HomePiłka nożnaLegia zdominowała beniaminka. Grad goli przy Łazienkowskiej [WIDEO]

Legia zdominowała beniaminka. Grad goli przy Łazienkowskiej [WIDEO]

Źródło: Canal+Sport

Aktualizacja:

Choć Legia Warszawa jako pierwsza straciła bramkę, to koniec końców okazała się lepsza od GKS-u Katowice. Zespół Goncalo Feio wygrał aż 4:1.

Legia

SOPA Images Limited / Alamy Stock Photo

“Gieksa” pierwsza strzeliła, ale Legia się odblokowała

Spotkanie Legii z “Gieksą” zapowiadało się niezwykle emocjonująco. Był to pierwszy od bardzo dawna mecz między tymi zespołami. Z Katowic przyjechało wielu kibiców, aby dopingować beniaminka z sektora gości. I choć to gospodarze byli faworytem, to właśnie goście w pierwszych minutach lepiej prezentowali się na boisku. W 11. minucie świetną okazję do wyjścia na prowadzenie przez GKS zmarnował Adam Zrelak. Napastnik oddał silny strzał, ale na posterunku był Kacper Tobiasz. 8 minut później znów goście wyprowadzili cudowną kontrę. Mało brakowało, a Adrian Błąd wpisałby się na listę strzelców. Znów jednak świetnie interweniował bramkarz Legii. W 25. minucie Tobiasz jednak nie pomógł drużynie, a “Gieksa” wyszła na prowadzenie. Bramkarza pokonał Adam Zrelak, a w sektorze gości zapanowała euforia!

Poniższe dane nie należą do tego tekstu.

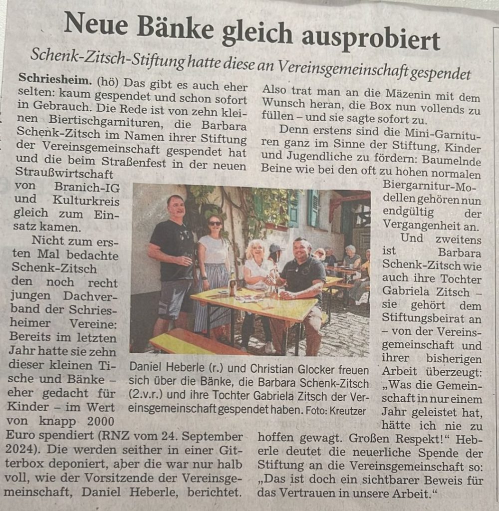 Stiftung spendet Vereinsgemeinschaft zum zweiten Mal Tische und Bänke für Kinder und Jugendliche

Na wyrównanie nie trzeba było długo czekać. W 28. minucie Steve Kapuadi trafił na 1:1 i wszystko w zasadzie rozpoczęło się od początku.

Legia po zdobytej bramce wyglądała na napędzoną. Dwukrotnie Dawida Kudłę próbował pokonać Bartosz Kapustka, ale bezskutecznie. W 35. minucie bliski gola był Marc Gual, ale nie trafił czysto w piłkę. Z minuty na minutę gospodarze byli coraz efektowniejsi w ofensywie. W doliczonym czasie gry zdobyli bramkę do szatni, a jej autorem był Kacper Chodyna.

Legia potwierdziła dominację! Pewna wygrana

Po zmianie stron gospodarze byli napędzeni. W 49. minucie świetną okazję bramkową miał Chodyna, ale nie trafił do pustej bramki. W 61. minucie na tablicy wyników było już 3:1. To efekt trafienia samobójczego Arkadiusza Jędrycha. Stoper beniaminka niefortunnie interweniował i pokonał własnego bramkarza. Legia się nie zatrzymywała i w 65. minucie prowadziła już 4:1. Kapitalną bramkę z dystansu zdobył Rafał Augustyniak.

Do końca meczu “Gieksa” nie potrafiła zbytnio zagrozić bramce Kacpra Tobiasza. Legia kontrolowała wydarzenia boiskowe i dowiozła wynik 4:1 do samego końca. W międzyczasie do siatki trafił jeszcze Tomas Pekhart, ale sędzia odgwizdał spalonego. Stołeczny zespół jest 5. w Ekstraklasie.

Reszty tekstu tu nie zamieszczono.